Que représente cette lampe allumée au Centre de presse Norbert Zongo ?

La lampe allumée symbolise l’idée d’allumer une flamme pour montrer l’attachement des hommes de médias à ce que la lumière se fasse sur l’assassinat du journaliste Norbert Zongo. Quand on célébrait le 3 mai 1999, on a décidé dans la cérémonie du 3 mai, d’allumer une flamme, une lumière. On a cherché quelque chose pour symboliser. Finalement on a pensé à la lampe parce que c’est un symbole du manque de lumière dans nos villages, dans nos campagnes. L’idée était que la lampe soit allumée du 03 mai au 07 mai, jour où la commission d’enquête devait rendre son rapport. On se disait que si ce jour la commission fait la lumière sur l’assassinat de Norbert Zongo, nous, on éteint notre lumière. Sauf que depuis dix-huit ans, la lumière n’est toujours pas faite. J’ai hâte de l’éteindre.

Quels sont les services qu’offre le Centre de presse ?

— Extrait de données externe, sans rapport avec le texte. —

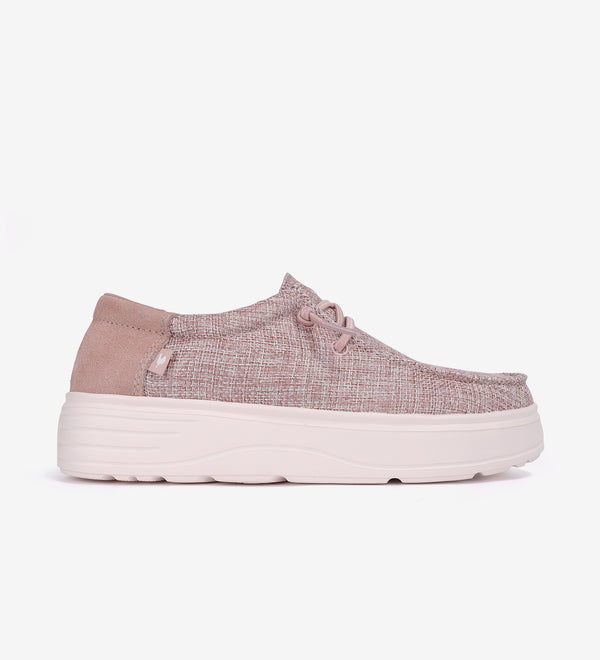 Le modèle Robin en rose pour femme est une chaussure de type wallabi. Confectionnée avec un mélange de coton et de cuir suédé, elle offre durabilité et un style moderne....
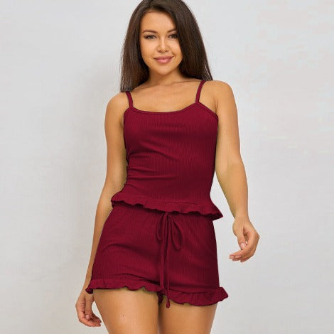 Ribbed pajama set, sexy and comfortable pajama, soft underwear pajama two-piece set, knitted pajama
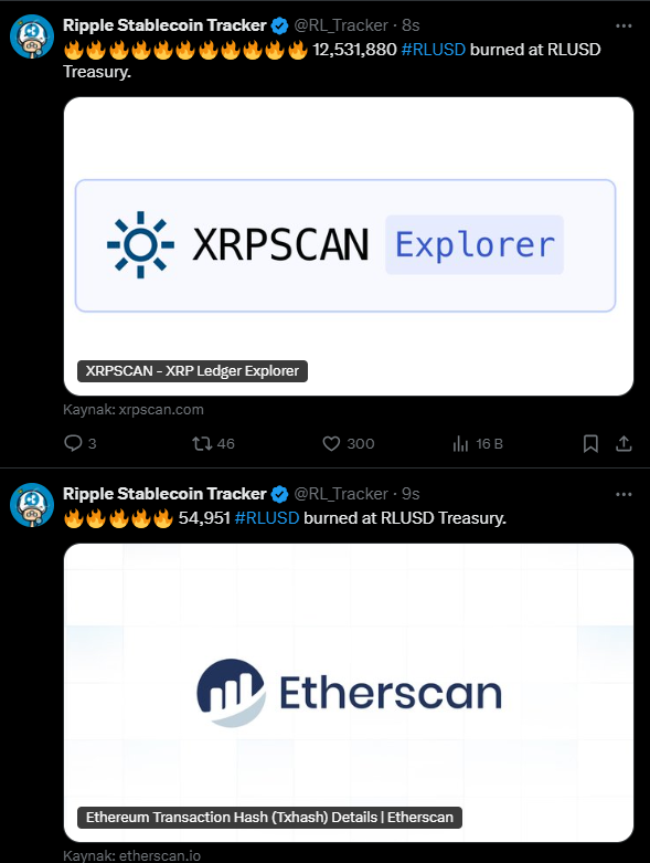 Ripple, Ripple USD (RLUSD) tokenlerinin neredeyse tamamını yakarak kripto dünyasında cesur bir hamle yaptı. Tek bir günde 46,67 milyon RLUSD tokenı kalıcı olarak dolaşımdan kaldırıldı. Ripple Stablecoin Tracker’dan gelen haberlere göre, 46,47 milyon RLUSD tokeninin yakın zamanda yakılması, Ripple’ın uzun zamandır beklenen stablecoin’inin lansmanını resmen duyurmaya hazırlandığının bir işareti.
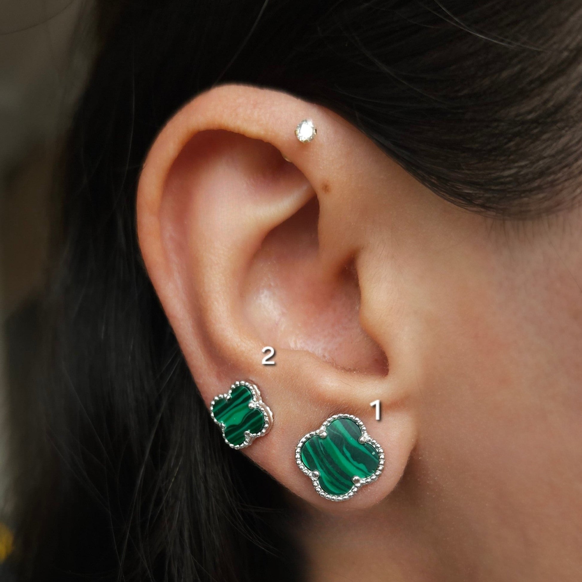 Brinco Trevo Pequeno (2) Pedra Malaquita.
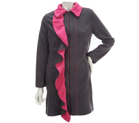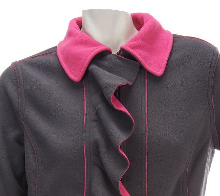 Full of flair. Don this fabulous fleece jacket and confront cooler weather like a true fashionista! Detailed with a flirty ruffle zip front, it's sure to help you stand out from the crowd. From Susan Graver.
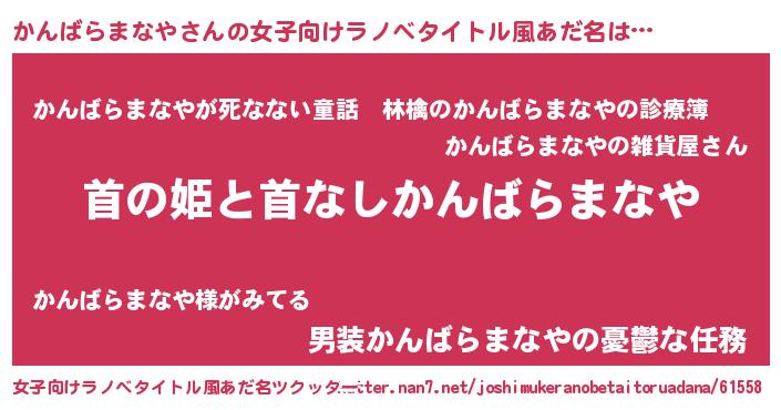 | 男性向けラノベタイトル風あだ名 | 『はたらくかんばらまなやさま!』 |

C’est un centre de ressource pour les journalistes. Il y a une salle de lecture ouverte au public. Nous organisons des panels-débats, des conférences débats. Nous avons une bibliothèque qui peut être consultée. Nous avons un cyber au tarif très avantageux. De même, nous avons un cafeteria où les gens peuvent se rencontrer.

Comment est dirigé le CNPZ ?

Les trois organisations  fondatrices ont désigné des membres qui forment le comité de pilotage. Ils assurent la présidence de manière tournante. Tous les quatre mois, il y a un président. Quand il y a une décision importante, toutes les trois organisations se réunissent. Il y a l’administration dont je suis le gestionnaire avec un personnel composé d’assistant de direction, de chauffeurs, de secrétaire, de comptable…

Cela fait 18 ans que Norbert Zongo a été assassiné. Quelles sont les attentes du CNPZ ?

Justice ! Justice ! Justice ! Les gens n’ont qu’à faire pardon. Vraiment, on veut éteindre la lampe. Ils n’ont qu’à faire pardon. Sous Blaise Compaoré, on pouvait comprendre qu’ils ne fassent pas justice. Mais depuis, on a changé. On n’attend rien d’autre que la justice. Ce n’est pas nous seulement. Tout le Burkina veut la justice. N’oubliez pas que le 13 décembre est l’élément déclencheur et catalyseur qui a abouti à l’insurrection. Il ne faut pas que les gens s’amusent avec.